Sirius is the other popular choice by marauders scholars for this category, with @in-flvx (2023) stating that he “handsomely handsomes while dying after 12 years of torture hell and another year in shackles”, which would mean that “a few tears would[n’t] stop him from being the hottest person in the room at all times” (ibid).
Additional parameters
I am suggesting to introduce an additional metric in order to further specify and better assess the ugly-crying levels:
(11) explosiveness of cry
@felixantares (2023) introduces the idea that Remus “is the type that very few people have been seen cry because he ignores every difficult emotion hes (sic) ever had (…) and it all explodes at once and its horrible to watch when he breaks down”, a sentiment shared by several of the other authors mentioned above in various other categories.
Further opinions & conclusions
The most popular consensus seems to be that Sirius cannot be the ugliest crier, sometimes also in direct comparison to his brother: @spindrifters (2023) answers the question of the ugliest crier with “obviously it’s regulus”, elaborating that “at least [it’s] definitely not sirius bc (sic) reg is canonically less handsome in all ways” which brings up the question if regular beauty plays into ugly crying. This is contrasted by lynxindisguises argument, that Sirius may be an ugly crier because he’s so gorgeous, and his ugly crying subverts the expectations of beauty:
“the most beautiful man alive looks hideous while crying, and his deeply awkward and perpetually damp bf (sic) is literally in his element while crying – dampness becomes him, you might say.”

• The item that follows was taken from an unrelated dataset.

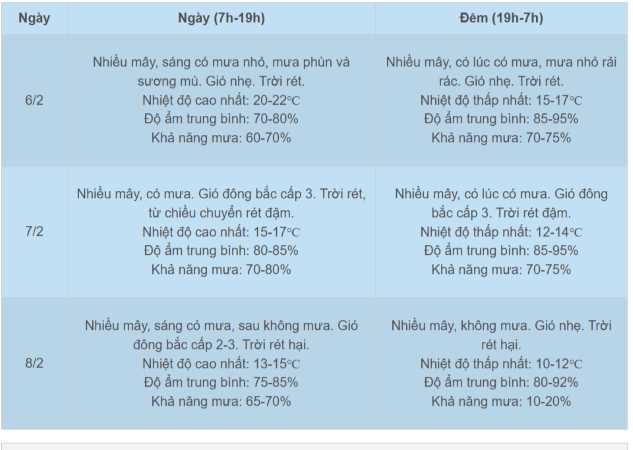 Cụ thể, trong 3 ngày này, khu vực thủ đô Hà Nội nhiều mây, có mưa rải rác. Hôm nay (6/2) trời rét với nhiệt độ cao nhất ban ngày dao động khoảng 20-22℃, thấp nhất ban đêm 15-17℃.

This statement raises yet another question – does regular crying make the crier more or less ugly? Can an ugly crier become a pretty crier by practice or are we all born either ugly or pretty criers, condemned to this fate for life?
While this paper has given an overview of the current state of research to ugly crying/pretty crying, it has also raised many more questions. Other topics which may be addressed in future papers also include the philosophical question whether ugly crying is in the eye of the beholder and if it is possible to ugly cry without being perceived, and if it is possible to ugly cry if the person perceiving you doesn’t find it ugly. Since the research field of ugly crying is a relatively new one, we can only hope to read many more opinions on these and other topics in the future, and I look forward to reading different scholar’s approaches to these highly relevant topics.